**** Given entries ****
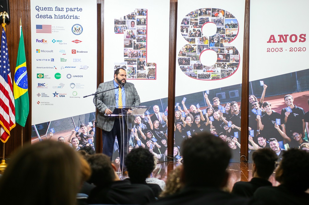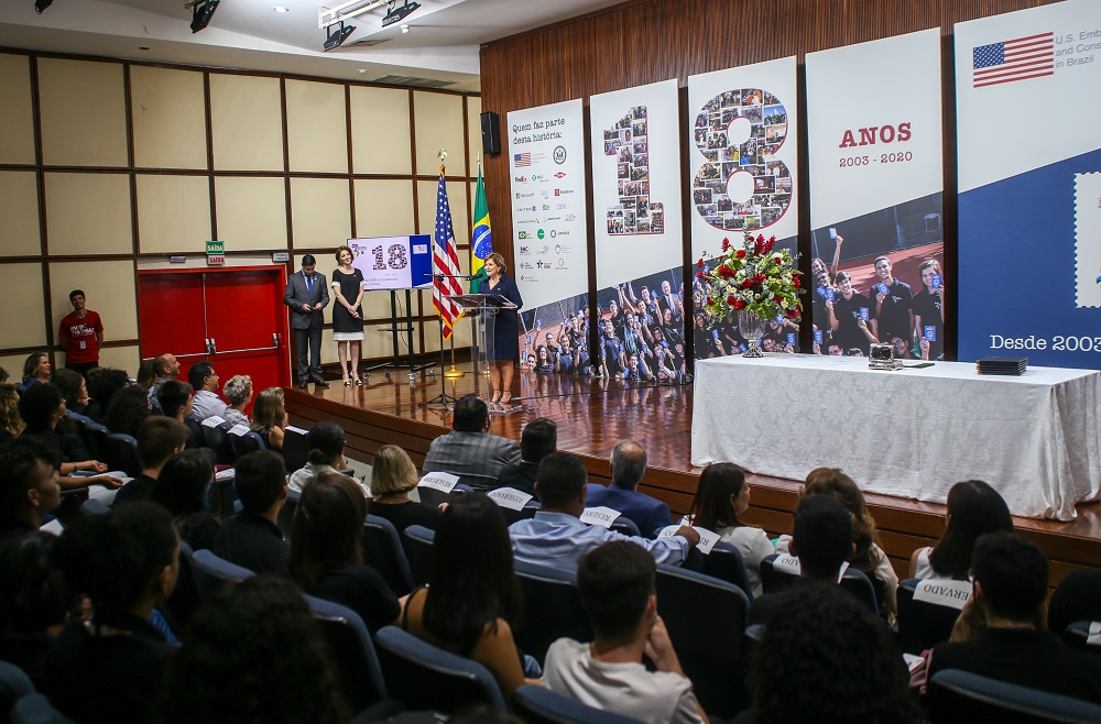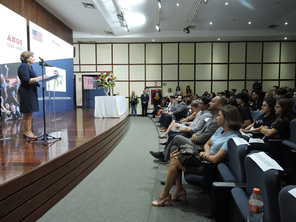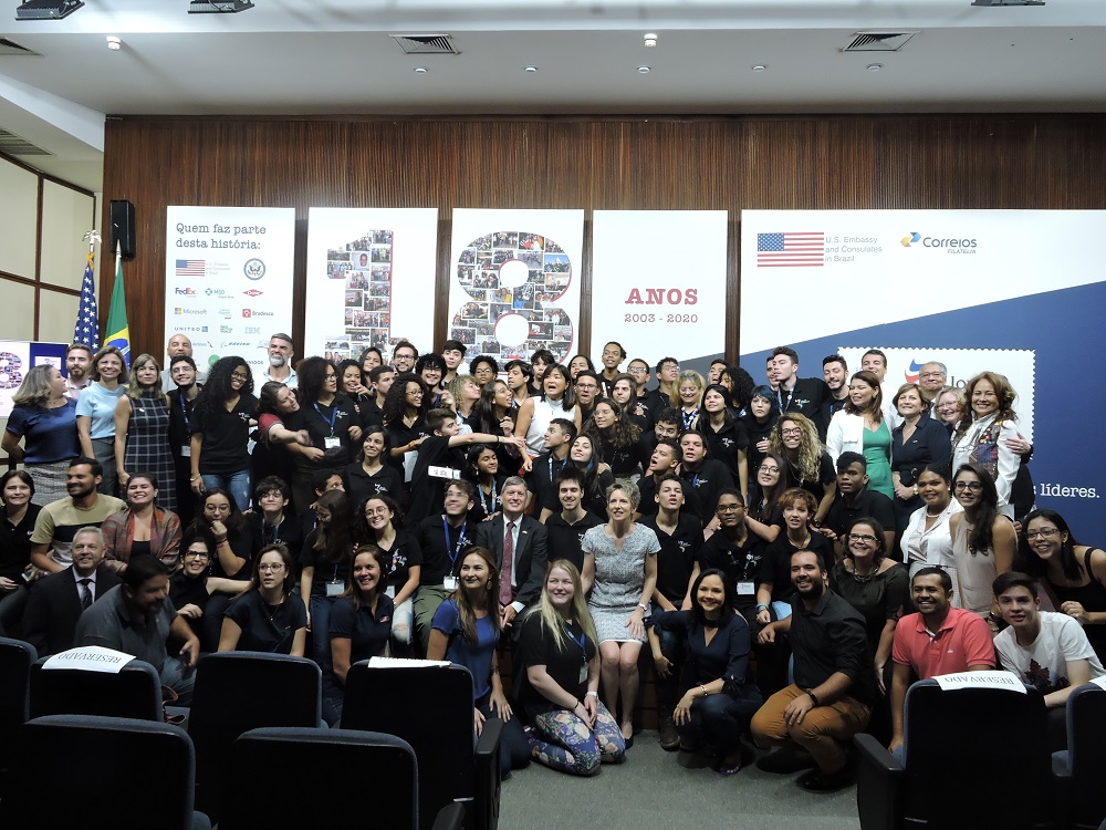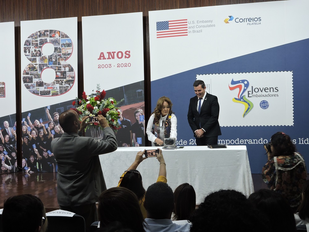 Após três semanas nos Estados Unidos, os 50 estudantes de escolas públicas que participaram do Programa Jovens Embaixadores 2020 retornaram ao Brasil. Eles participaram do lançamento de selo e carimbo dos Correios comemorativos aos 18 anos do intercâmbio, na sede da escola Casa Thomas Jefferson, na Asa Norte. O Evento contou ainda com a presença de representantes da embaixada americana no Brasil, idealizadores do Programa e Funcionários dos Correios do Brasil.
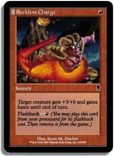 Target creature gets +3/+0 and gains haste until end of turn. Flashback 2R (You may play this card from your graveyard for its flashback cost. Then remove it from the game.)
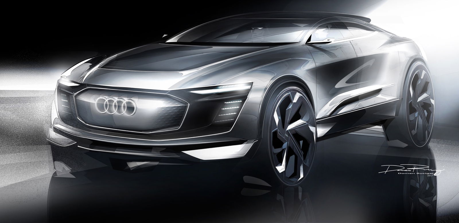 La batteria agli ioni di litio è sotto l’abitacolo, per abbassare il baricentro e ottenere un’adeguata distribuzione dei pesi (52-48 anteriore-posteriore). Due le possibilità di ricarica, con attacco per corrente alternata (AC) e continua (DC). Le dimensioni dichiarate avvicinano l’Audi e-tron Sportback concept al Q7; imponenti le ruote di 23 pollici di diametro. Interessante la soluzione delle telecamere al posto dei retrovisori esterni.
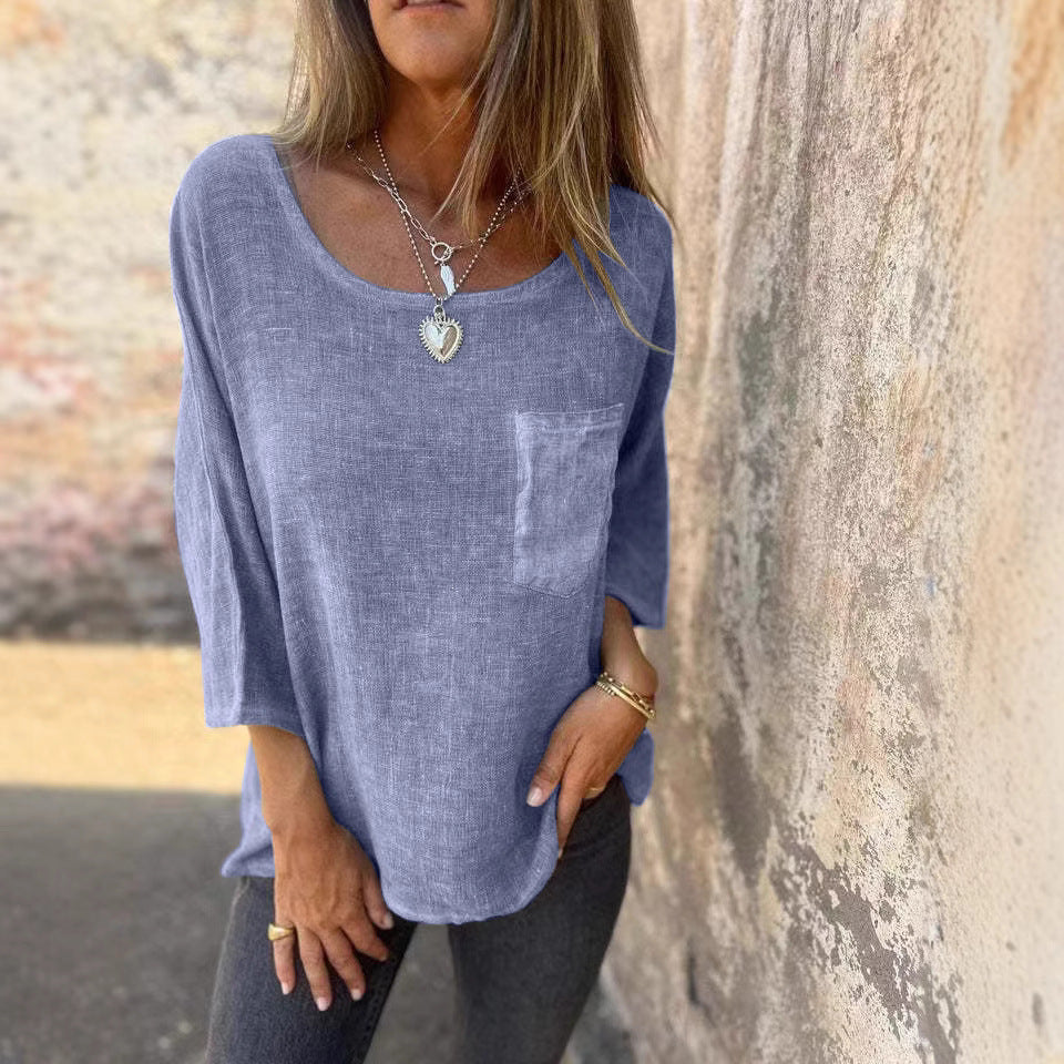 • Design: Das oberteil verfügt über einen runden Ausschnitt und lässige drei Viertelärmel, ideal für wärmeres Wetter.
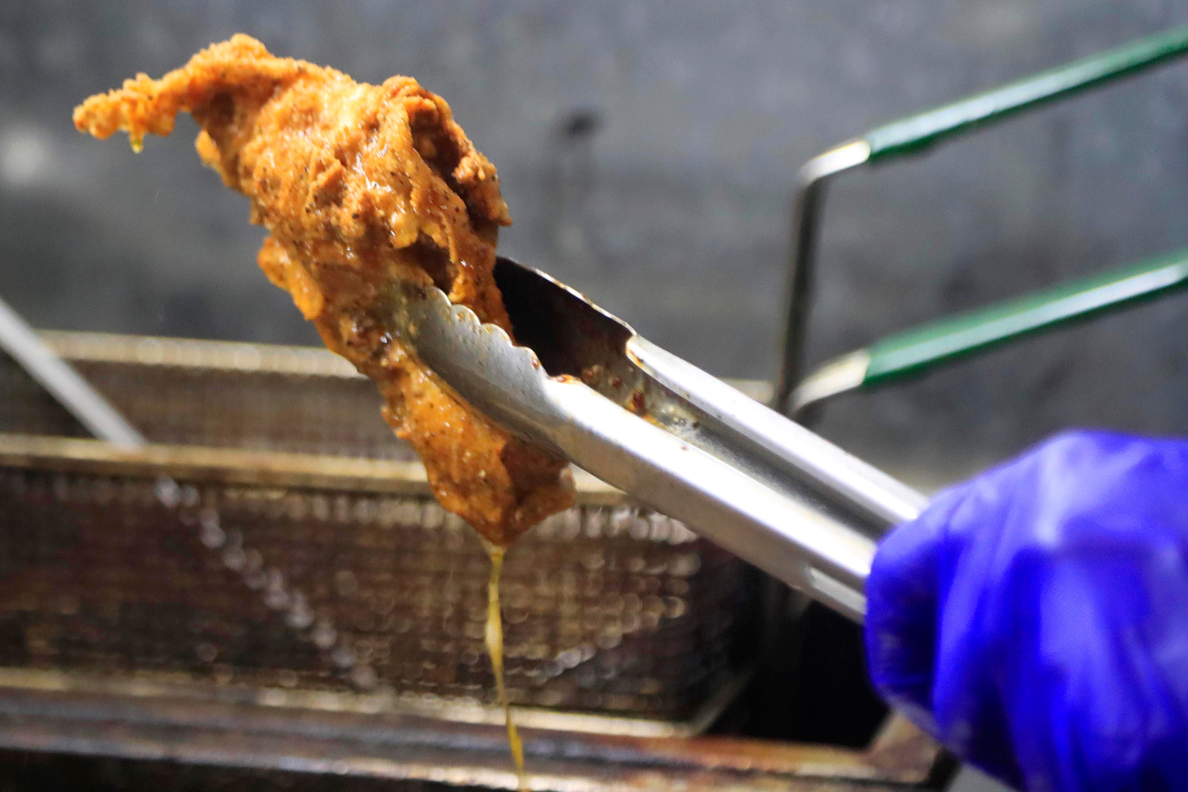 - Texas chicken: filete de pollo empanizado, tocineta, aros de cebolla.
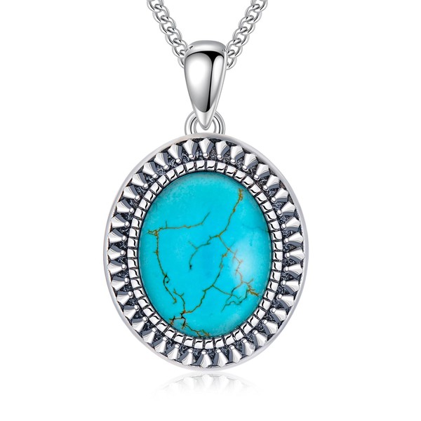 DOLIOX Genuine Turquoise Necklace for Women 925 Sterling Silver Real Southwest Native American Pendant Jewelry with Oval Gemstone for Her Wife Mom
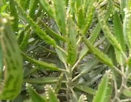 棒叶落地生根是景天科、落地生根属植物。茎直立、粉褐色。叶圆棒形,上表面有沟、粉色,有红褐斑。…
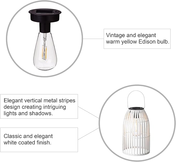 - 【Solar Powered Lantern】 Traditional farmhouse hanging lantern design, novelty birdcage shape main body and warm yellow Edison bulb. This Solar Lantern can be hung on anywhere you want, perfect for garden, yard, patio, porch, wall, pathway, driveway, lawn, camping, trees, pergolas, etc. outdoor solar landscape lighting and decoration.
****
*What to produce*. Would you reproduce each line of the material exactly, omitting the images?

*Your solution*.
 Após três semanas nos Estados Unidos, os 50 estudantes de escolas públicas que participaram do Programa Jovens Embaixadores 2020 retornaram ao Brasil. Eles participaram do lançamento de selo e carimbo dos Correios comemorativos aos 18 anos do intercâmbio, na sede da escola Casa Thomas Jefferson, na Asa Norte. O Evento contou ainda com a presença de representantes da embaixada americana no Brasil, idealizadores do Programa e Funcionários dos Correios do Brasil.
 Target creature gets +3/+0 and gains haste until end of turn. Flashback 2R (You may play this card from your graveyard for its flashback cost. Then remove it from the game.)
 La batteria agli ioni di litio è sotto l’abitacolo, per abbassare il baricentro e ottenere un’adeguata distribuzione dei pesi (52-48 anteriore-posteriore). Due le possibilità di ricarica, con attacco per corrente alternata (AC) e continua (DC). Le dimensioni dichiarate avvicinano l’Audi e-tron Sportback concept al Q7; imponenti le ruote di 23 pollici di diametro. Interessante la soluzione delle telecamere al posto dei retrovisori esterni.
 • Design: Das oberteil verfügt über einen runden Ausschnitt und lässige drei Viertelärmel, ideal für wärmeres Wetter.
 - Texas chicken: filete de pollo empanizado, tocineta, aros de cebolla.
 DOLIOX Genuine Turquoise Necklace for Women 925 Sterling Silver Real Southwest Native American Pendant Jewelry with Oval Gemstone for Her Wife Mom
 棒叶落地生根是景天科、落地生根属植物。茎直立、粉褐色。叶圆棒形,上表面有沟、粉色,有红褐斑。…
 - 【Solar Powered Lantern】 Traditional farmhouse hanging lantern design, novelty birdcage shape main body and warm yellow Edison bulb. This Solar Lantern can be hung on anywhere you want, perfect for garden, yard, patio, porch, wall, pathway, driveway, lawn, camping, trees, pergolas, etc. outdoor solar landscape lighting and decoration.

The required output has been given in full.